Seules parmi les adultes

Seules parmi les adultes

Quand la réalité dépasse la fiction !

Marseille l’excessive, un monde médical méconnu et impitoyable, la période post-coloniale en Afrique noire, cette association sécrète, un thriller impensable. Brazzaville en république populaire du Congo en assure la genèse.

Après le décès suspect d’un premier patient, une deuxième patiente tombe dans un coma inexpliqué, le jour suivant en réanimation… Le professeur Roumazière, un chirurgien reconnu, au sommet de son art, voit sa vie basculer.

L’enfer de la chute commence…Le passé resurgit…

EXTRAIT DU LIVRE

Il faut voir ce bloc opératoire, seul îlot de vie à six heures du matin, dans cette clinique encore endormie. Les non-initiés prendraient peur. Un autre monde ! Tout est froid, dix-sept degrés dans la pièce, la teinte bleu clair des murs, habituellement apaisante, reflète une pâleur glaciale, un mauvais signal ! L’ordre et la répartition des différents points techniques impressionnent, rappelant certains films de science-fiction. Les bruits métalliques des instruments, le claquement des ampoules que l’on casse et la chute des petits objets dans les plateaux métalliques créent la musique du film, une très légère rupture de ce silence d’outre-tombe. Chacun prend conscience de la gravité du moment, le sérieux se prépare.

 

Samedi 28 mai, 5h du matin, téléphone

 

— Allô, François ? C’est Michel, à la « Réa » NewSud. Il faut que tu viennes immédiatement, c’est très urgent, je t’attends.

— Que se passe-t-il ?

— Arrive, je t’expliquerai, je ne peux rien dire au téléphone.

Quelle inquiétude ! Pour la première fois depuis 25 ans, Michel perd son calme. Habituellement rassurant, assumant sa responsabilité avec cette stabilité des gens qui savent, il réconforte, minimise, dédramatise.

Aujourd’hui, il appelle au secours. Que se passe-t-il ?

 

Sans attendre, le chemin vers NewSud défile à une vitesse inimaginable sur ce boulevard Michelet irréel, de nuit avec tous ces feux en enfilade, clignotant en orange (c’est l’habitude à Marseille, les feux clignotent et ne sont ni verts ni rouges à partir de 1 heure du matin). Le chemin est balisé, boulevard Michelet, obélisque, boulevard Delattre de Tassigny. Heureusement, car Roumazière est dans ses réflexions angoissantes, pourquoi ? Comment ? Il se repasse les films de ses opérations à la recherche de… il ne sait pas quoi. Sa tête en vrac n’est pas à la conduite, mais déjà dans l’interrogation de ce qui l’attend.
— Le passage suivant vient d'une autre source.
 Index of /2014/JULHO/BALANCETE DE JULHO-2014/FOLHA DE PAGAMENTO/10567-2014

Pour que Michel soit dans cet état au téléphone…

Il laisse sa voiture au milieu du parking, le plus près de l’ascenseur. Qu’il est lent pour monter ces deux étages, il aurait plus vite fait à pied. Les secondes lui paraissent interminables, ce ne sont que des secondes… Enfin la Réa.

 

— Tu es arrivé ? Viens dans mon bureau, je vais tout t’expliquer. Michel l’attend, fébrile comme Roumazière ne l’a encore jamais connu.
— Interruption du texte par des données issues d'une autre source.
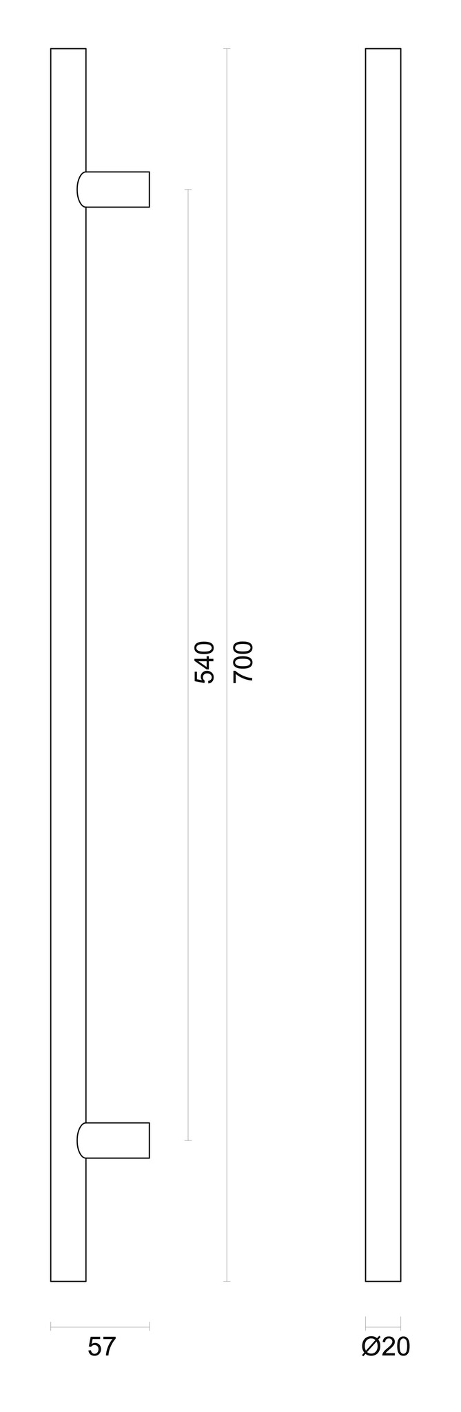 Deurgreep T 20/540/700 - RVS - blinde bevestiging

Une atmosphère particulière baigne l’endroit. Chacun a la tête des mauvais jours et s’affaire sur des tâches fictives, prétextes à une attitude d’évitement. L’enthousiasme constaté la veille dans ce même lieu s’est brutalement transformé en une paralysie générale, aucune parole, les regards se détournent, fuyants.

 

— Mais, bon sang, que se passe-t-il ?

— Je vais t’étonner, François, mais je n’y comprends rien. Brutalement, Monsieur Hartmann qui était très bien jusque-là, décompense un choc gravissime. Tous nos efforts sont vains et il décède en moins d’une heure.

— Tu penses à quoi ?

— À rien, justement.

 

2017, quatre semaines après le workshop

 

Que se passe-t-il ? Tous ces clignotants bleus, la police, une ambulance de pompiers, marins-pompiers de Marseille, et même le triste fourgon blanc. Une animation de série B américaine, pourtant bien réelle dans le cas présent. Sur le brancard, un sac noir allongé, très mauvais pronostic. Ce sac est poussé à l’intérieur du fourgon blanc, un fourgon frigorifique, les deux portes arrière ouvertes, un tiroir tiré, prêt à accueillir le corps emballé.

Le commissaire Martinez et Sophie Marchand s’activent. Un périmètre délimite la scène. Le sol maculé d’une énorme tache rougeâtre, plaque de sang encore frais, de toute évidence, ne laisse planer aucun doute sur l’état du corps retrouvé au bas de l’immeuble de la clinique.